In any use case that requires the generation of structured grammar, a language model can simply be plugged into an existing autocompletion system, like a Python language server, for example.

Reinforcement Learning

You probably weren’t expecting to see this here, but OpenAI has pioneered a way to incorporate (relatively) small scale manual labeling to manipulate a language model’s behaviour.

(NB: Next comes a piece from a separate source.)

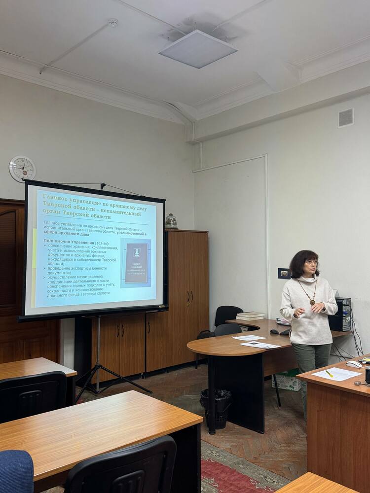 Так, Тамара Альбертовна Бархатова (консультант Главного управления по архивному делу Тверской области) представила студентам структуру Главного управления, ознакомила с особенностями прохождения государственной гражданской службы и некоторыми ограничениями, которые она накладывает. Тамара Альбертовна подробно рассказала, в чем состоит работа как самого Главного управления, так и его подведомственных организаций. Также было отмечено, что архив Тверской области на данный момент насчитывает более пяти миллионов архивных дел, что сопряжено с интенсивной и беспрерывной работой его сотрудников.

As illustrated in this infographic, OpenAI was able to train a reward model on human labeled responses, which they then used to fine tune GPT using Reinforcement Learning.

Conclusion

The model architecture which makes all of this possible is truly incredible. The Transformer has stood the test of time, going relatively unchanged since it was first introduced in 2017 in the paper “Attention is all you need”. Most of the improvements in AI since then have primarily focused on everything surrounding the Transformer — building massive corpuses of text data, coming up with efficient pipelines to train models with hundreds of billions of parameters, and of course, sampling the results form these models.